Among the records below, find the lines that contain "diferentes" and copy each of them.

[Data excerpts]
----------

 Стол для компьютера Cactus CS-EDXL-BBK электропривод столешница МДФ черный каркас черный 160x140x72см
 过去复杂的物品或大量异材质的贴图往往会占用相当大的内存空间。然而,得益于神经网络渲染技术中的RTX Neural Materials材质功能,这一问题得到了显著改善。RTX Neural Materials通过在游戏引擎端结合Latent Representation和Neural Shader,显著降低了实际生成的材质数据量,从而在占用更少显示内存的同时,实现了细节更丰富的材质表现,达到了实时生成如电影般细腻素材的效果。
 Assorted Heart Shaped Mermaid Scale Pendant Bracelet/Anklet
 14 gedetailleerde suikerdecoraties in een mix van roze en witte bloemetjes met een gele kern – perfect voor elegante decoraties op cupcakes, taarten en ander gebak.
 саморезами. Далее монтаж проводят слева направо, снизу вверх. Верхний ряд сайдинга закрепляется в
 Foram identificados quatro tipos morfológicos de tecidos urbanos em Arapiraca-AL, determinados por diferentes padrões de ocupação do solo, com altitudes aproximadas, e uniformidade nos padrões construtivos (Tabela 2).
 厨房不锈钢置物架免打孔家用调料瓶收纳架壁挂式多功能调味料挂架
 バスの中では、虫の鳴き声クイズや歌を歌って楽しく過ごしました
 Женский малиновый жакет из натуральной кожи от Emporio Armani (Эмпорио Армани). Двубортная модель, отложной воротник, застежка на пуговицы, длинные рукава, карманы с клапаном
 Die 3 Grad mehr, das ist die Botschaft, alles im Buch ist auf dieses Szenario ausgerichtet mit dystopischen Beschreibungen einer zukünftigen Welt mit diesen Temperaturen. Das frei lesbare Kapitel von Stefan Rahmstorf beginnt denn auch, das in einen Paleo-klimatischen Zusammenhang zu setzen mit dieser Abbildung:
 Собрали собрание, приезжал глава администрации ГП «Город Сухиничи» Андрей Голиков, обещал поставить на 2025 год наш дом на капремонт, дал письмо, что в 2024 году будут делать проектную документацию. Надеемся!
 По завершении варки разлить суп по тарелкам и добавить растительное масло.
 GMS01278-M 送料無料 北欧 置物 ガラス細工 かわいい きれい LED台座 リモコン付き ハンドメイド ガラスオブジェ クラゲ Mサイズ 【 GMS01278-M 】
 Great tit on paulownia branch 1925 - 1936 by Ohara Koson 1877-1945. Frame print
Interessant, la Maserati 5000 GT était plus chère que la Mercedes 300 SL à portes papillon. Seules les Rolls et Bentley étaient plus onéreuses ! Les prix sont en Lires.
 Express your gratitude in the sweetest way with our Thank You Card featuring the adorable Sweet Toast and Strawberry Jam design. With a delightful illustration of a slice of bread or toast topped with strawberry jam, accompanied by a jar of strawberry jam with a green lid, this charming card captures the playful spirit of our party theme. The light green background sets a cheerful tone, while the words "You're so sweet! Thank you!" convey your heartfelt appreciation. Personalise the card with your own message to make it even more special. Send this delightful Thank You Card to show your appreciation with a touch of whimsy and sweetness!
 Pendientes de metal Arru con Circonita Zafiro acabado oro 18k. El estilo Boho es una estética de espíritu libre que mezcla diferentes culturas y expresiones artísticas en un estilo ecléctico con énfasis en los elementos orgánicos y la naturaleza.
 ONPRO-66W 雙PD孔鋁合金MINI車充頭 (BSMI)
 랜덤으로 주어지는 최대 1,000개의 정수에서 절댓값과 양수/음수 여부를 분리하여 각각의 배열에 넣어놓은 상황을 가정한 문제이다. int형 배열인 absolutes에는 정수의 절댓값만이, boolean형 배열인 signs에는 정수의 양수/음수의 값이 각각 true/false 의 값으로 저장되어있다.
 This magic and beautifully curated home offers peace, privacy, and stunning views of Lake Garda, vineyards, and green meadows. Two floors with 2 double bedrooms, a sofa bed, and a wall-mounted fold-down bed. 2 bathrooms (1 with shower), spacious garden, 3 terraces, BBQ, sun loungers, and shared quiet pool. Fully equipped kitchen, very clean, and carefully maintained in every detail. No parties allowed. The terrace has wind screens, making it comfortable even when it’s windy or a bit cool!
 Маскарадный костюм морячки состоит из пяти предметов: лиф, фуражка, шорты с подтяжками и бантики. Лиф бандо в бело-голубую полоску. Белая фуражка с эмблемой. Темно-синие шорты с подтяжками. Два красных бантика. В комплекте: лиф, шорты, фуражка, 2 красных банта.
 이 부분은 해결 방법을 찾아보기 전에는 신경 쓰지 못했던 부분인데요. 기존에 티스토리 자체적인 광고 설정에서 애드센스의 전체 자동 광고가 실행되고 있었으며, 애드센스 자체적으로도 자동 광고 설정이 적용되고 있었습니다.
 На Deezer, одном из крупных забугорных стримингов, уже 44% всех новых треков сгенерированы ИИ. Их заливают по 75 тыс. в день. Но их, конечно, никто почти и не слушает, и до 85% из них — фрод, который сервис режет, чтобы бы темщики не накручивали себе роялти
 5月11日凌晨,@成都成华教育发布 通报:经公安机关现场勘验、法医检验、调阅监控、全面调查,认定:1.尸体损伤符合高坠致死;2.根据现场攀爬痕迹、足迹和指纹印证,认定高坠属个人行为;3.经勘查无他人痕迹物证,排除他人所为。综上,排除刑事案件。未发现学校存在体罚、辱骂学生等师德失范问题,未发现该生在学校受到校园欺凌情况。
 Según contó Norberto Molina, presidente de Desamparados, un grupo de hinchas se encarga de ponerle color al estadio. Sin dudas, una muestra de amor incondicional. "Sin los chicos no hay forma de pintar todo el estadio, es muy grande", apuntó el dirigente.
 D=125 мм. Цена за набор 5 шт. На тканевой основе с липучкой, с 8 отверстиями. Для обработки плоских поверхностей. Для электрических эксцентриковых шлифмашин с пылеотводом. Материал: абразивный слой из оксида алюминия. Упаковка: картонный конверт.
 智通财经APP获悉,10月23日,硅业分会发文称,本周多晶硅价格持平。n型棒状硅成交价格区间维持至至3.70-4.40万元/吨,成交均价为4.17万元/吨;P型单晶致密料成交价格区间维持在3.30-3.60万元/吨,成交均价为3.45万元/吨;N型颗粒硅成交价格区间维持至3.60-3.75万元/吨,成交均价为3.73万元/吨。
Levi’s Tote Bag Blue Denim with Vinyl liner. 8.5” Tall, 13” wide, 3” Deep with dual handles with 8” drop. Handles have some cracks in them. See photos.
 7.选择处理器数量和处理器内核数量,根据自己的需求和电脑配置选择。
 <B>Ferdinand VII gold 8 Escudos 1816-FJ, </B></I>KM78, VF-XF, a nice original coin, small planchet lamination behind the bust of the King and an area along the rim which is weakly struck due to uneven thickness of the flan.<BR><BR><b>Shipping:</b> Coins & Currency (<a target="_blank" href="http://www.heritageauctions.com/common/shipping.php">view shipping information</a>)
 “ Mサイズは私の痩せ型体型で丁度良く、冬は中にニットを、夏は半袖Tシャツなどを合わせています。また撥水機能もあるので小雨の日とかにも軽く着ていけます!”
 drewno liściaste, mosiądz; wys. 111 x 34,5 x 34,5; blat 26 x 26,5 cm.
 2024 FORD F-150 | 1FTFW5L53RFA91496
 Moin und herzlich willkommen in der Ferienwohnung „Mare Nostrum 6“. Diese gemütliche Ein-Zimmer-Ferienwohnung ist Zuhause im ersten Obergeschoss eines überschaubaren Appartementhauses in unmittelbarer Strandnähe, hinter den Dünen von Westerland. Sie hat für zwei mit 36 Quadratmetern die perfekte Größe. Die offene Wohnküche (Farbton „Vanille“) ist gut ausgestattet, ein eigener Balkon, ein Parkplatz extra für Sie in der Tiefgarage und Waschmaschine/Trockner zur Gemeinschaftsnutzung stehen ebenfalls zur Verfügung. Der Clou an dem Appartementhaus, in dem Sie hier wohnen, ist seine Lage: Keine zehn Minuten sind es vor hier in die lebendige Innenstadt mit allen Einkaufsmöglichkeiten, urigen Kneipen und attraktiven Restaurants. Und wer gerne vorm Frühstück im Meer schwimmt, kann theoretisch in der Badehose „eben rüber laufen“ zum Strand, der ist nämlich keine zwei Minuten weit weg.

----------

[Exercise answer]
 Foram identificados quatro tipos morfológicos de tecidos urbanos em Arapiraca-AL, determinados por diferentes padrões de ocupação do solo, com altitudes aproximadas, e uniformidade nos padrões construtivos (Tabela 2).
 Pendientes de metal Arru con Circonita Zafiro acabado oro 18k. El estilo Boho es una estética de espíritu libre que mezcla diferentes culturas y expresiones artísticas en un estilo ecléctico con énfasis en los elementos orgánicos y la naturaleza.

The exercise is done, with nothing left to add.